When staff are on a break, outside the ED, or in the restroom, they are listed as "out of department." The committee also agreed that the information wouldn't be used in performance reviews.

But Michelle de Mooy from the Center for Democracy & Technology, which works on Internet privacy issues, points to concerns about who might be able to see the data.

"I would really want to be sure that there were restrictions on who could access the information, how much they could access. And that doesn't just include performance evaluations, but also insurance companies," she says. "The government is another really big question. There's a lot of people who get their health care through the government, so there are questions about how much they can see."

The information in patients' RFID wristbands doesn't contain personal medical data or names. Rather, a string of numbers is assigned to each patient and only shows up as a person's name once a staff member is logged in and looking at the YES Board.

If accessed in isolation, information on the wristband has no personal identifying details.

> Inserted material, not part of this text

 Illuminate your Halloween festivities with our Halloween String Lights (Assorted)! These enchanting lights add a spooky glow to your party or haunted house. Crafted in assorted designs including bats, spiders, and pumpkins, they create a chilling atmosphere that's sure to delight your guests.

So if a hacker got a hold of a patient's RFID wristband, they'd see just a string of numbers. The numbers only becoming meaningful in the YES Board where they are matched up with patient names.

By the end of this year, Mayo Clinic plans to report quality control metrics to the government—things like average patient wait-time and the duration of stay. Eventually this reporting could be automated, says Hellmich.

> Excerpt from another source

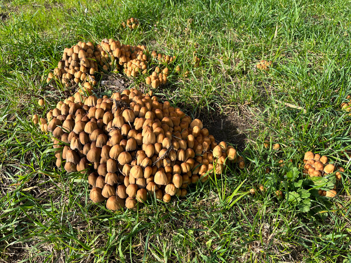 Сегодня утром не могла понять что я вижу. Что это лежит? Картошка что ли? А кто высыпал сюда эту кучу? Без очков не сразу поняла, что это за ночь выросли грибы! Прям посередине участка приличная кучка грибов, в диаметре примерно 40 см. Как они туда попали, как так быстро выросли и почему они вообще там выросли? Одни вопросы. Тщательно изучив тему грибов на участке, я поняла, что во-первых бояться нечего! Во-вторых, это лечится. Что необходимо сделать, для того, чтобы избавиться от грибов на участке? 1. Можно удалить сами грибы с грибницей. К примеру, выкопать. 2. Посыпать их солью. От этого они должны почернеть. 3. Раскислить почву на участке. Я и так знала, что она кислая, грибы - ещё одно подтверждение. Для раскисления подойдет известь, доломитовая мука, зола. 4. Улучшить дренаж и сократить полив. Желательно пройтись по участку граблями, можно перекопать какую-то часть. 5. Избавиться на участке от старых пней и коряг. Именно на них грибы любят появляться. В целом - грибы никак не у

De Mooy says hospitals need to thoughtful about data sharing with the government.

“What I’ve seen in health data is the government will say they need the information in the name of public health, and that will always override privacy or civil liberties concerns.”

While this may be true, the hospital isn't scaling back; in fact, it's adding new tracking locations. Previously, patients weren't monitored while they were in bathrooms, but that changed when staff decided patients might fall or otherwise need help while there.

Eventually, the hospital aims to use the technology to track the spread of infectious disease. If someone leaves the emergency room and is later diagnosed with tuberculosis, for example, RFID would enable staff to see whom that person came into contact with in the ER, and when.

The clinic is now considering whether the entire hospital network, not just the emergency department, should be wired for RFID.

"We really need to think about what the unintended consequences could be," De Mooy says. "Thinking about it now, not just if or when the data gets into the wrong hands or there's a data breach."